Skocz do zawartości

Opony wielosezonowe


fantomasz

Rekomendowane odpowiedzi

Przyznać się,kto jezdzi na wielosezonowych? Mój ojciec jezdzi tylko na całorocznych a teraz na Falken AS200 i trzeba powiedzieć że opona jest rewelacyjna.Wygląda jak typowa zimówka i w zimie zachowuje się jak zimowa.Teraz jest ciepło 12C słońce grzeje i opona bardzo dobrze się sprawuje.Dzisiaj pojezdziłem ostro i jestem mile zaskoczony zachowaniem tej opony.Guma w dotyku jest miękka ale dobrze się trzyma na suchym.Jestem mile zaskoczony.W tej chwili moje letnie falkeny są już na wykończeniu i na jesień mam zamiar kupić te falkeny do swojego pojazdu.

Odnośnik do komentarza
Udostępnij na innych stronach

Mam w tej chwili na aucie wielosezonowe Kleber Quadraxer. Powiem tak - sam bym ich nie kupił, ale że były już na aucie to zostawiłem jako zimówki. Na śniegu sprawdzają się całkiem nieźle i w sumie za 1szym razem byłem mocno zdziwiony bo spodziewałem się słabej trakcji. W lecie nie ma opcji żebym na nich jeździł, są głośne i mają kiepską przyczepność zwłaszcza na mokrym. Ale ja jeżdżę dosyć dynamicznie i często poza miastem, także jak ktoś robi małe przebiegi po mieście to takie opony spokojnie można założyć. Problem ze zmianą opon kół na wiosnę/jesień z głowy.

Odnośnik do komentarza
Udostępnij na innych stronach

> Zgadzam się ale jak ktoś nie robi wyścigów na ulicach? Gorzej jest teraz na zimowych przy tej

> pogodzie dlatego dzisiaj założyłem już letnie.Rano jednak trzeba uważać.

Uwierz, ze nie trzeba robic wyscigow zeby piszczaly na rondach czy skretach na skrzyzowaniach.

Mialem okazje pojezdzic na GoodYear'ach, modelu nie pamietam.

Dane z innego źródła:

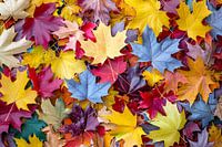 Breng de sfeer van de herfst in huis met deze prachtige foto van gekleurde bladeren op de grond. Perfect voor op een koude dag!

W zimie jakos jeszcze sobie radzily, ale bez rewelacji, natomiast w upalne letnie dni bylo tragicznie, plynely i piszczaly.

Odnośnik do komentarza
Udostępnij na innych stronach

> W lecie pewnie beda plynely oraz piszczaly na kazdym rondzie. Nie ma gum, ktore tak samo dobrze

> zachowuja sie przy -20 co i przy +40 stopniach C.

potwierdzam, miałem wielosezonowe w Camry i na każdym nieco ostrzejszym zakręcie strach w oczach i to pływanie zlosnik.gif zmieniłem je dość szybko

Odnośnik do komentarza
Udostępnij na innych stronach

> Uwierz, ze nie trzeba robic wyscigow zeby piszczaly na rondach czy skretach na skrzyzowaniach.

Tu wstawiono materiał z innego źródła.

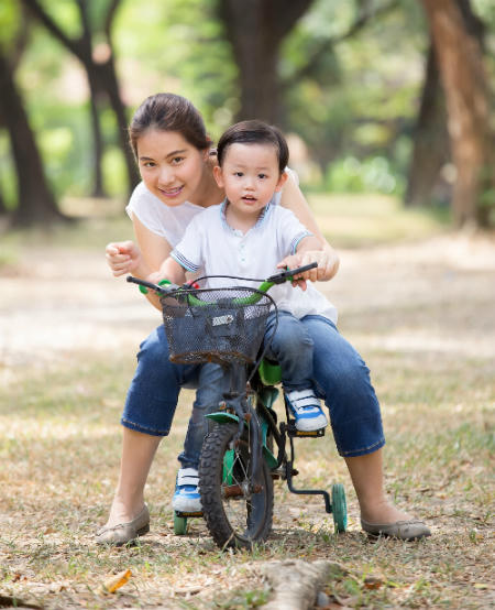 Khi bé sợ đạp xe, mẹ nên khuyến khích và tạo động lực cho con. |

> Mialem okazje pojezdzic na GoodYear'ach, modelu nie pamietam. W zimie jakos jeszcze sobie radzily,

> ale bez rewelacji, natomiast w upalne letnie dni bylo tragicznie, plynely i piszczaly.

Vector

Odnośnik do komentarza
Udostępnij na innych stronach

> Przyznać się,kto jezdzi na wielosezonowych? Mój ojciec jezdzi tylko na całorocznych a teraz na

> Falken AS200 i trzeba powiedzieć że opona jest rewelacyjna.Wygląda jak typowa zimówka i w

> zimie zachowuje się jak zimowa.Teraz jest ciepło 12C słońce grzeje i opona bardzo dobrze się

> sprawuje.Dzisiaj pojezdziłem ostro i jestem mile zaskoczony zachowaniem tej opony.Guma w

> dotyku jest miękka ale dobrze się trzyma na suchym.Jestem mile zaskoczony.W tej chwili moje

> letnie falkeny są już na wykończeniu i na jesień mam zamiar kupić te falkeny do swojego

> pojazdu.

poczekaj na temperatury 35 oC na słońcu to opona będzie miała 60?

Odnośnik do komentarza
Udostępnij na innych stronach

> W lecie pewnie beda plynely oraz piszczaly na kazdym rondzie.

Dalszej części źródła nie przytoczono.